* **Description of the task**
Without copying any picture, return all lines below exactly.

* **Record extracts**
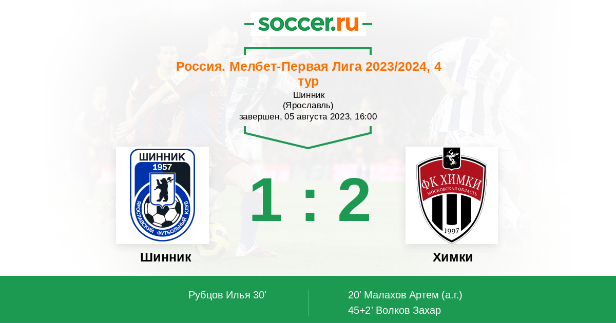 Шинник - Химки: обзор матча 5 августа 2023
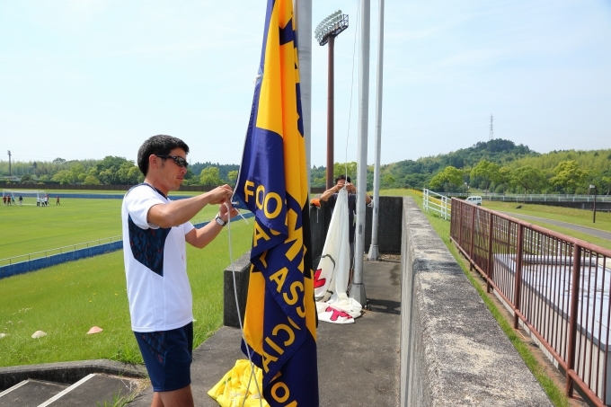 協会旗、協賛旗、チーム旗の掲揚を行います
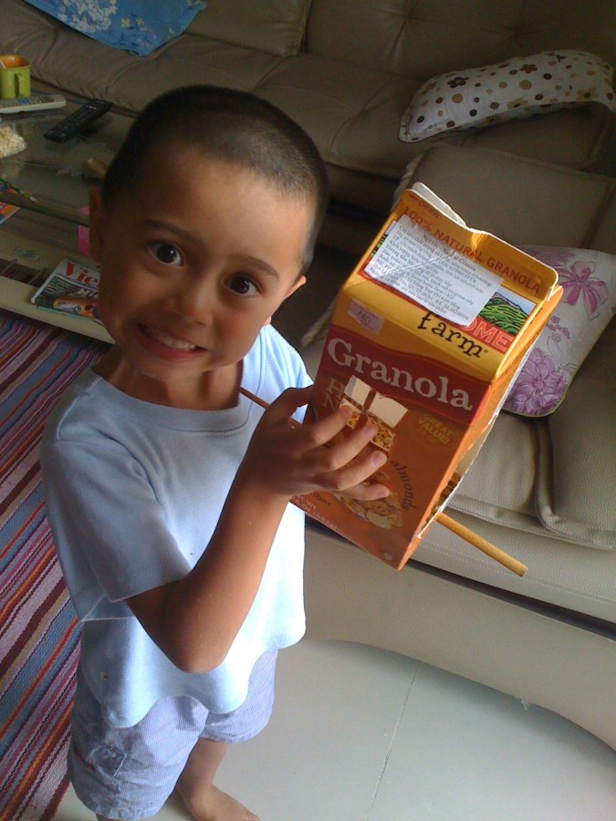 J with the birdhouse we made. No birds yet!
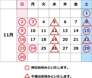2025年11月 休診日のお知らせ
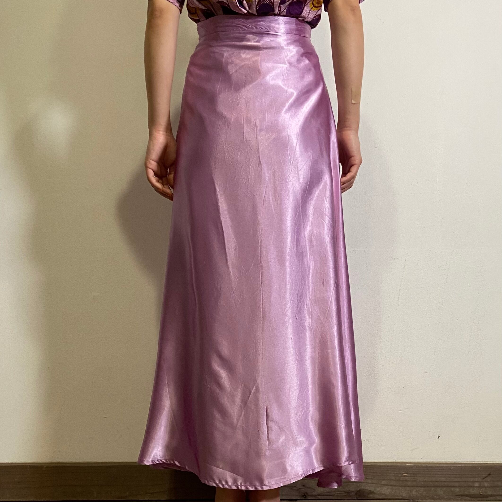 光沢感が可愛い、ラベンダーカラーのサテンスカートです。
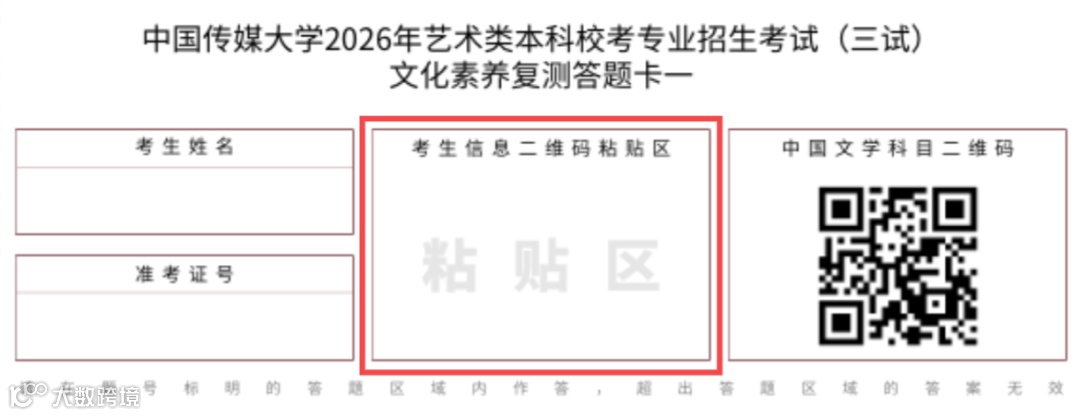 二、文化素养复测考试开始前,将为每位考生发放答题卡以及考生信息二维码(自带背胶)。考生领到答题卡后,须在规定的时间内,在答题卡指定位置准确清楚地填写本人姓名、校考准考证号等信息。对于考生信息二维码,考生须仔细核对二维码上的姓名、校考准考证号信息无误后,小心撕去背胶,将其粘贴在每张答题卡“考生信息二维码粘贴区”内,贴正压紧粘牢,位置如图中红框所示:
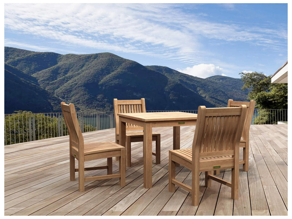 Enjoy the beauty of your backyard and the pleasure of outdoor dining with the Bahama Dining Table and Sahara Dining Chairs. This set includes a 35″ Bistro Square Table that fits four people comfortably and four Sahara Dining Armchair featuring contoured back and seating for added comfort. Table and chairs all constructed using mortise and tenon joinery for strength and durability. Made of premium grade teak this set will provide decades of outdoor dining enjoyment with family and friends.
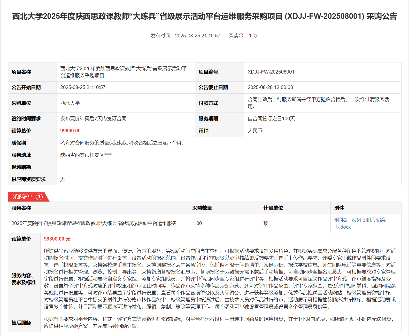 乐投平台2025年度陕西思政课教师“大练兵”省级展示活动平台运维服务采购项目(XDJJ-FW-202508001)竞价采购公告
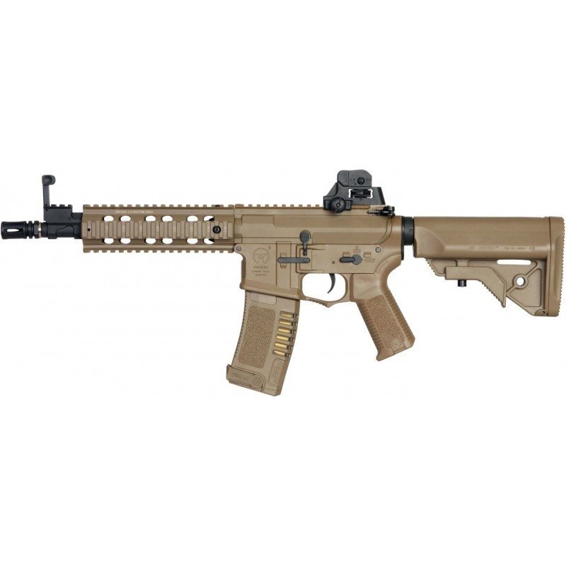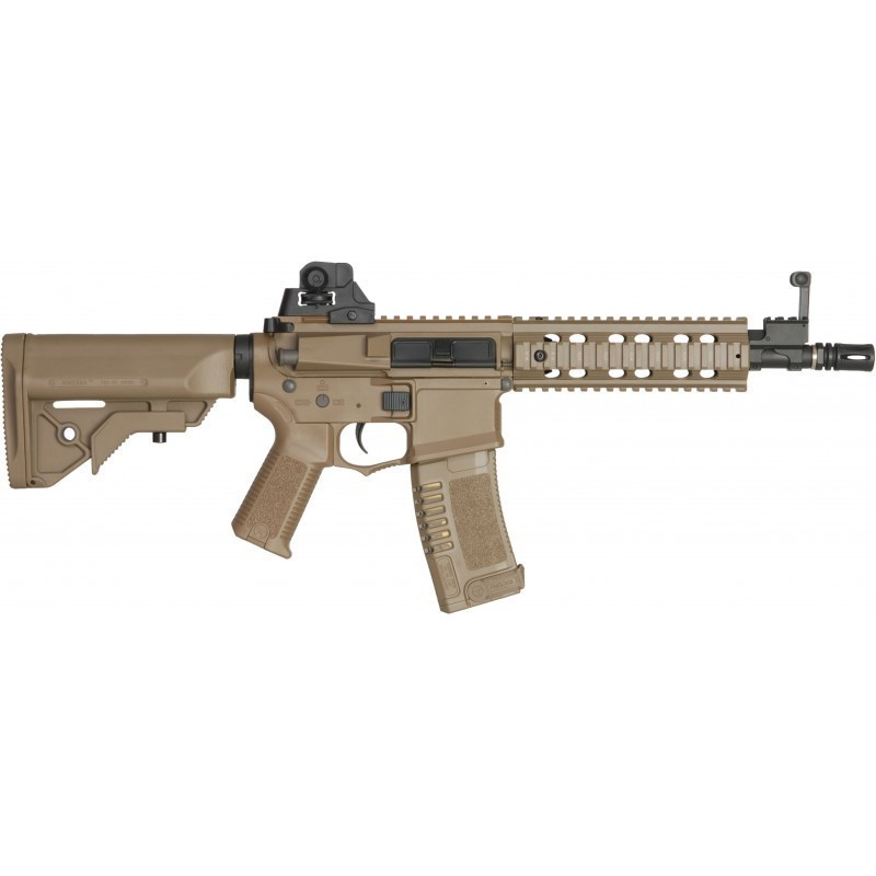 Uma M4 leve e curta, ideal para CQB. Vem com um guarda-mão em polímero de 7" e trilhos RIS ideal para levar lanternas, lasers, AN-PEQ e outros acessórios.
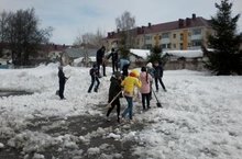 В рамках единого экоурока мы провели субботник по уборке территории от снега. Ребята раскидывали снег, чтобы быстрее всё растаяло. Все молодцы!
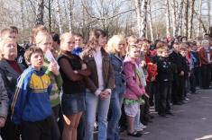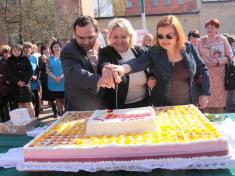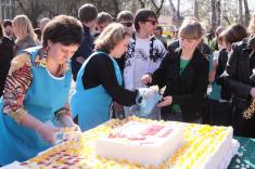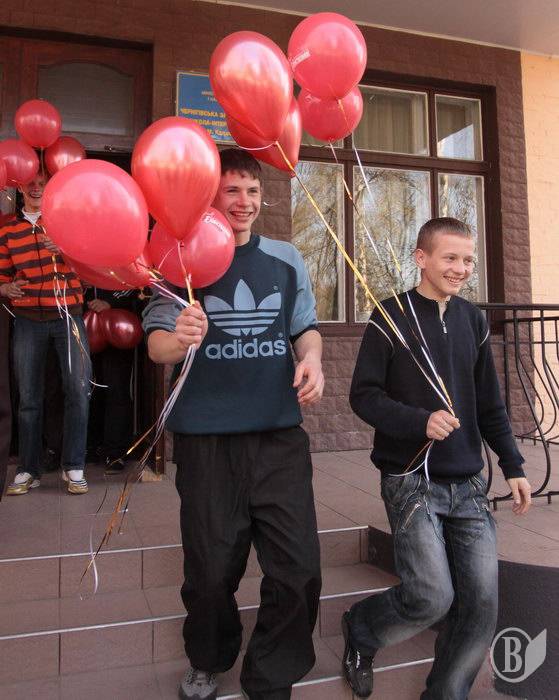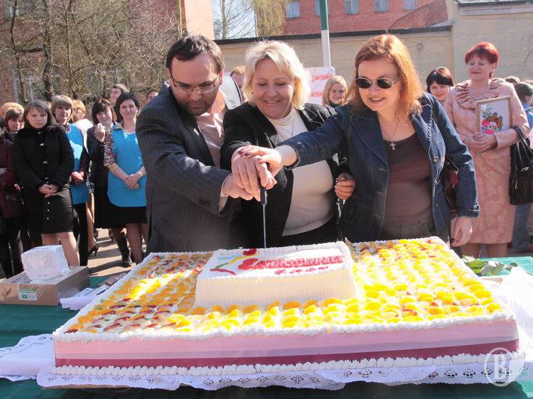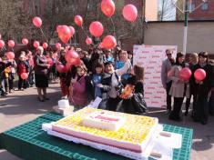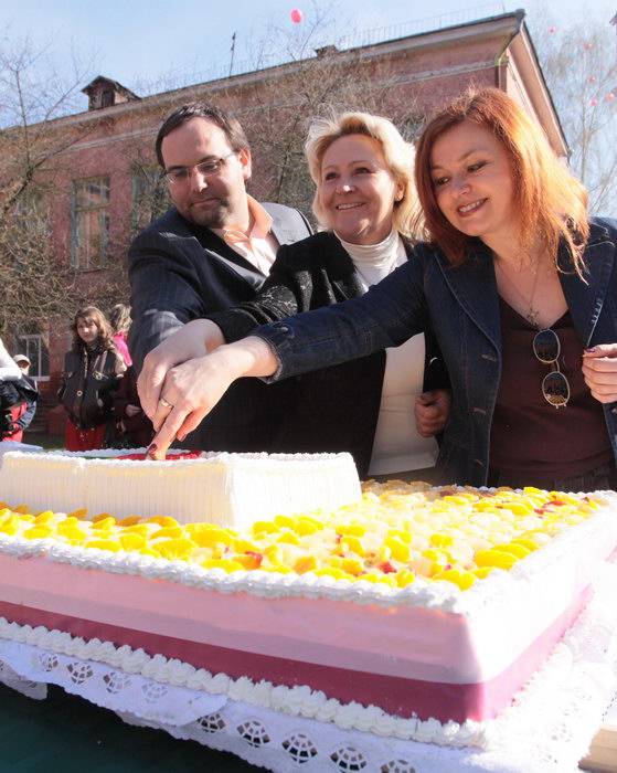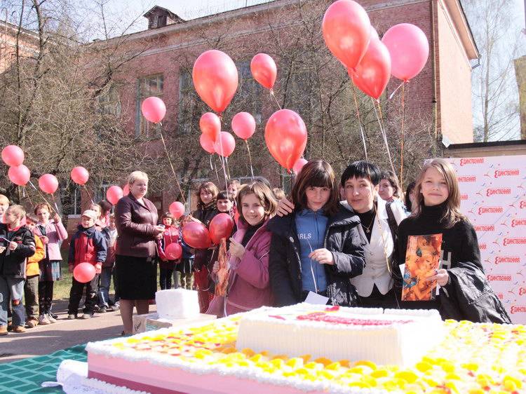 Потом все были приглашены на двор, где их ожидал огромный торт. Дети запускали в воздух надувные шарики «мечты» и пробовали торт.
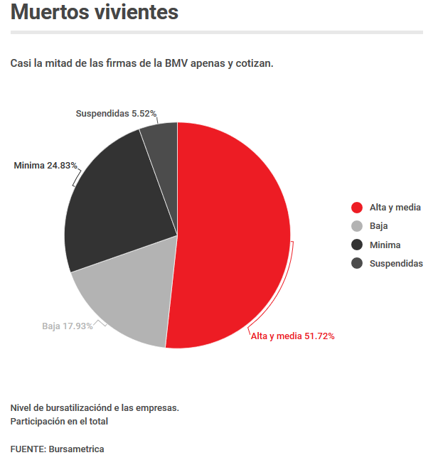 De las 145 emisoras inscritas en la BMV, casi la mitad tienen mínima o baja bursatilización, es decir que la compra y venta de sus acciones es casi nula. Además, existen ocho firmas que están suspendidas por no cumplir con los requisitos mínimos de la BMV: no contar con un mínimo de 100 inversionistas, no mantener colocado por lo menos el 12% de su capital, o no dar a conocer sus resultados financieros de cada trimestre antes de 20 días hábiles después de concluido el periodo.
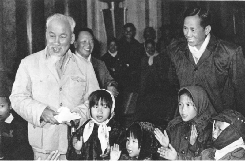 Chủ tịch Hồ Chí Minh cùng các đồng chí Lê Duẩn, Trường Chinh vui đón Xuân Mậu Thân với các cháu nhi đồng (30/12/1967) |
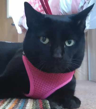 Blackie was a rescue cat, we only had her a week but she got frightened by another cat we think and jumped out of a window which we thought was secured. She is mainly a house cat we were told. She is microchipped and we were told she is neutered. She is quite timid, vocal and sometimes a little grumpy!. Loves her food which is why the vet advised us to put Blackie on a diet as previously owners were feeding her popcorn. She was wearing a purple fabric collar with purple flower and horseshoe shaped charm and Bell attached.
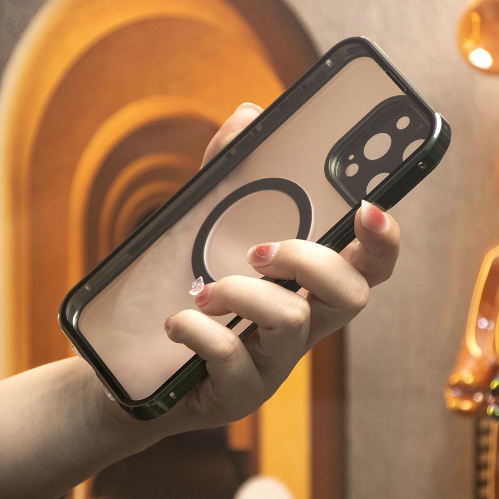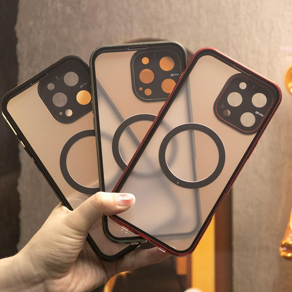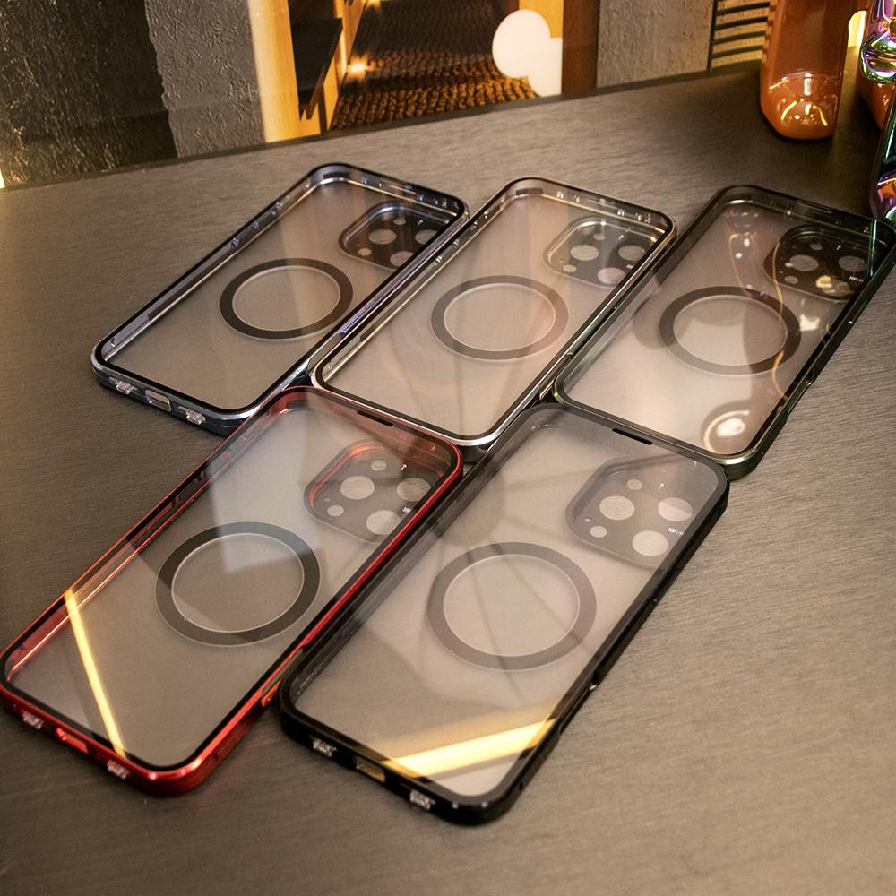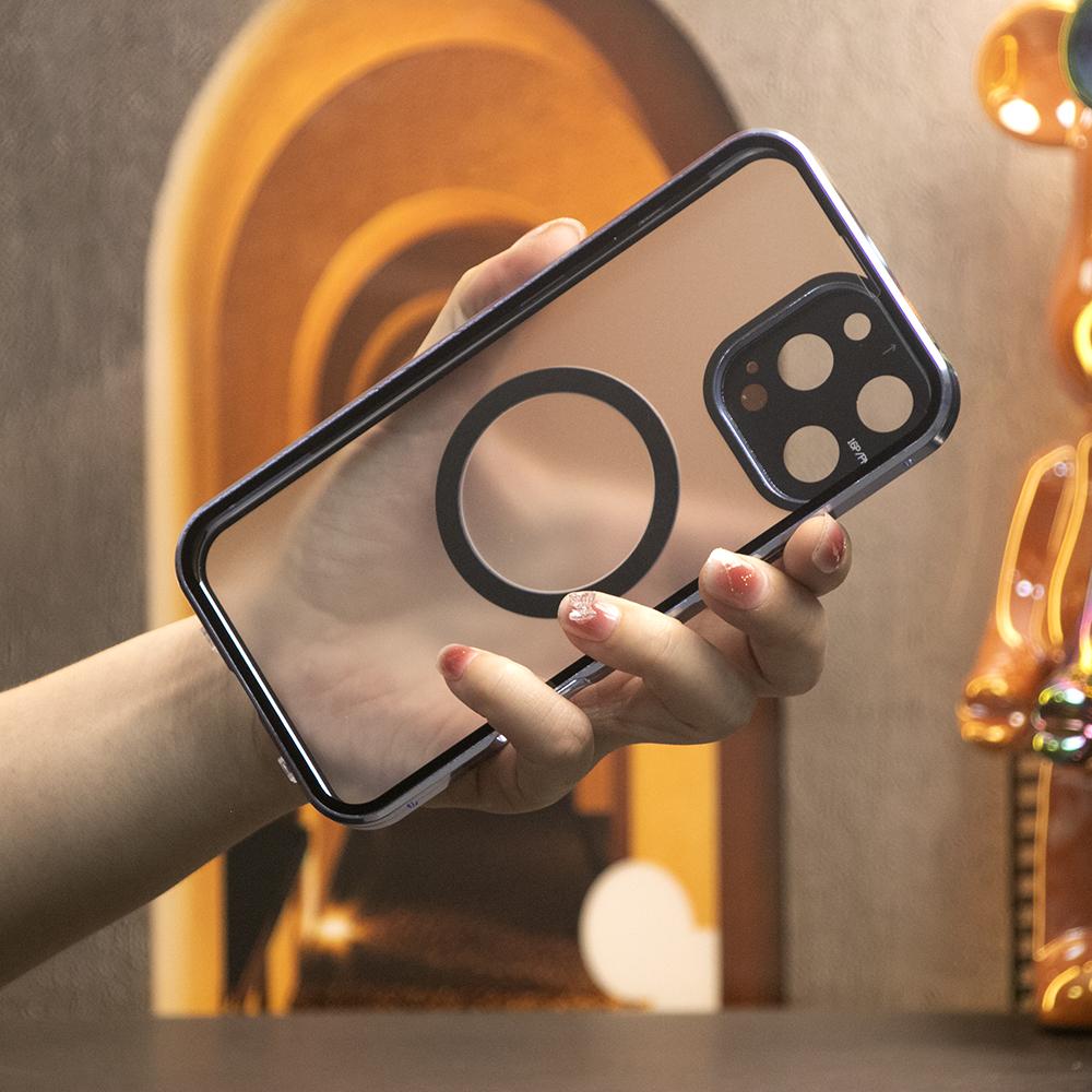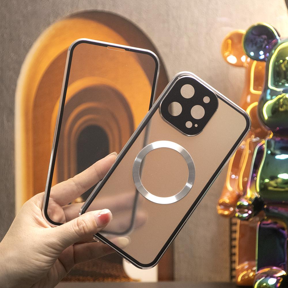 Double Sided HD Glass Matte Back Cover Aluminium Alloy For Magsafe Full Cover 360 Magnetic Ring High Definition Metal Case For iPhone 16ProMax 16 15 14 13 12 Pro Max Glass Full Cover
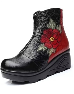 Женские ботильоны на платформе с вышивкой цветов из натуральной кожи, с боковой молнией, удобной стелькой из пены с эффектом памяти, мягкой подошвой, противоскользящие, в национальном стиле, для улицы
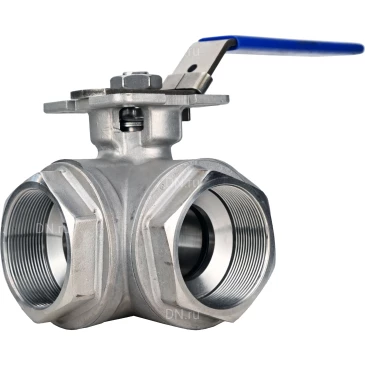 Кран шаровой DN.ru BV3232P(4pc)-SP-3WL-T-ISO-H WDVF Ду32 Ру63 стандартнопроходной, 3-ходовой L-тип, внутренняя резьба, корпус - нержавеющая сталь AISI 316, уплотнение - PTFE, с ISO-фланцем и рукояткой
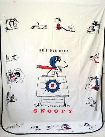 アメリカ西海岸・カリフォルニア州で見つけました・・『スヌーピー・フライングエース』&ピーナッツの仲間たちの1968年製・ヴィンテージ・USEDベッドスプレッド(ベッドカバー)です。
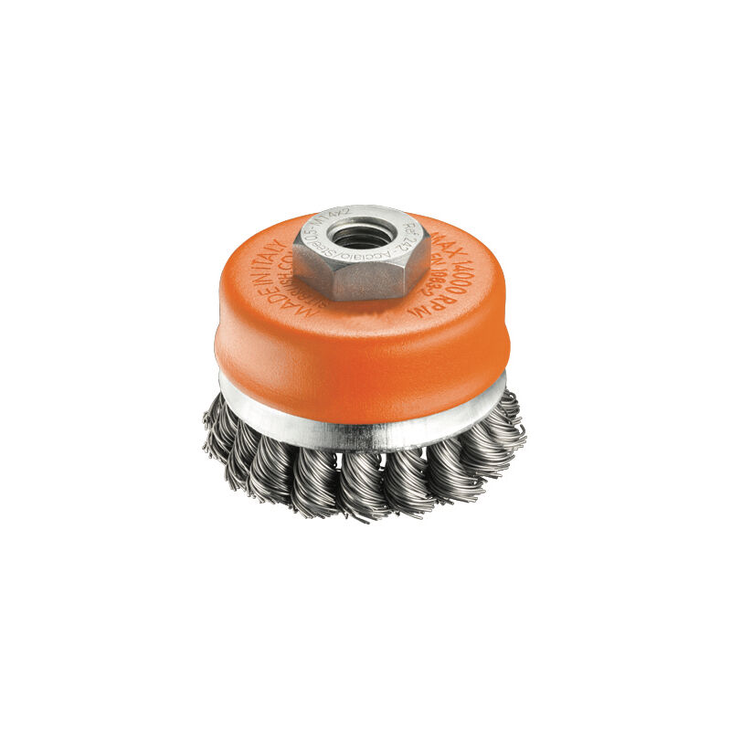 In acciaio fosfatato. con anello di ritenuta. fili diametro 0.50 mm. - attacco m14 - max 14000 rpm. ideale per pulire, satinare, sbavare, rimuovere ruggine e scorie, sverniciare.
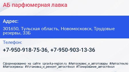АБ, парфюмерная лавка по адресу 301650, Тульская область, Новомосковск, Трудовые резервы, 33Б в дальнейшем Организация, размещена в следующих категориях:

* **Result of this task**
 Шинник - Химки: обзор матча 5 августа 2023
 協会旗、協賛旗、チーム旗の掲揚を行います
 J with the birdhouse we made. No birds yet!
2025年11月 休診日のお知らせ
 光沢感が可愛い、ラベンダーカラーのサテンスカートです。
 二、文化素养复测考试开始前,将为每位考生发放答题卡以及考生信息二维码(自带背胶)。考生领到答题卡后,须在规定的时间内,在答题卡指定位置准确清楚地填写本人姓名、校考准考证号等信息。对于考生信息二维码,考生须仔细核对二维码上的姓名、校考准考证号信息无误后,小心撕去背胶,将其粘贴在每张答题卡“考生信息二维码粘贴区”内,贴正压紧粘牢,位置如图中红框所示:
 Enjoy the beauty of your backyard and the pleasure of outdoor dining with the Bahama Dining Table and Sahara Dining Chairs. This set includes a 35″ Bistro Square Table that fits four people comfortably and four Sahara Dining Armchair featuring contoured back and seating for added comfort. Table and chairs all constructed using mortise and tenon joinery for strength and durability. Made of premium grade teak this set will provide decades of outdoor dining enjoyment with family and friends.
 乐投平台2025年度陕西思政课教师“大练兵”省级展示活动平台运维服务采购项目(XDJJ-FW-202508001)竞价采购公告
 Uma M4 leve e curta, ideal para CQB. Vem com um guarda-mão em polímero de 7" e trilhos RIS ideal para levar lanternas, lasers, AN-PEQ e outros acessórios.
 В рамках единого экоурока мы провели субботник по уборке территории от снега. Ребята раскидывали снег, чтобы быстрее всё растаяло. Все молодцы!
 Потом все были приглашены на двор, где их ожидал огромный торт. Дети запускали в воздух надувные шарики «мечты» и пробовали торт.
 De las 145 emisoras inscritas en la BMV, casi la mitad tienen mínima o baja bursatilización, es decir que la compra y venta de sus acciones es casi nula. Además, existen ocho firmas que están suspendidas por no cumplir con los requisitos mínimos de la BMV: no contar con un mínimo de 100 inversionistas, no mantener colocado por lo menos el 12% de su capital, o no dar a conocer sus resultados financieros de cada trimestre antes de 20 días hábiles después de concluido el periodo.
 Chủ tịch Hồ Chí Minh cùng các đồng chí Lê Duẩn, Trường Chinh vui đón Xuân Mậu Thân với các cháu nhi đồng (30/12/1967) |
 Blackie was a rescue cat, we only had her a week but she got frightened by another cat we think and jumped out of a window which we thought was secured. She is mainly a house cat we were told. She is microchipped and we were told she is neutered. She is quite timid, vocal and sometimes a little grumpy!. Loves her food which is why the vet advised us to put Blackie on a diet as previously owners were feeding her popcorn. She was wearing a purple fabric collar with purple flower and horseshoe shaped charm and Bell attached.
 Double Sided HD Glass Matte Back Cover Aluminium Alloy For Magsafe Full Cover 360 Magnetic Ring High Definition Metal Case For iPhone 16ProMax 16 15 14 13 12 Pro Max Glass Full Cover
 Женские ботильоны на платформе с вышивкой цветов из натуральной кожи, с боковой молнией, удобной стелькой из пены с эффектом памяти, мягкой подошвой, противоскользящие, в национальном стиле, для улицы
 Кран шаровой DN.ru BV3232P(4pc)-SP-3WL-T-ISO-H WDVF Ду32 Ру63 стандартнопроходной, 3-ходовой L-тип, внутренняя резьба, корпус - нержавеющая сталь AISI 316, уплотнение - PTFE, с ISO-фланцем и рукояткой
 アメリカ西海岸・カリフォルニア州で見つけました・・『スヌーピー・フライングエース』&ピーナッツの仲間たちの1968年製・ヴィンテージ・USEDベッドスプレッド(ベッドカバー)です。
 In acciaio fosfatato. con anello di ritenuta. fili diametro 0.50 mm. - attacco m14 - max 14000 rpm. ideale per pulire, satinare, sbavare, rimuovere ruggine e scorie, sverniciare.
АБ, парфюмерная лавка по адресу 301650, Тульская область, Новомосковск, Трудовые резервы, 33Б в дальнейшем Организация, размещена в следующих категориях:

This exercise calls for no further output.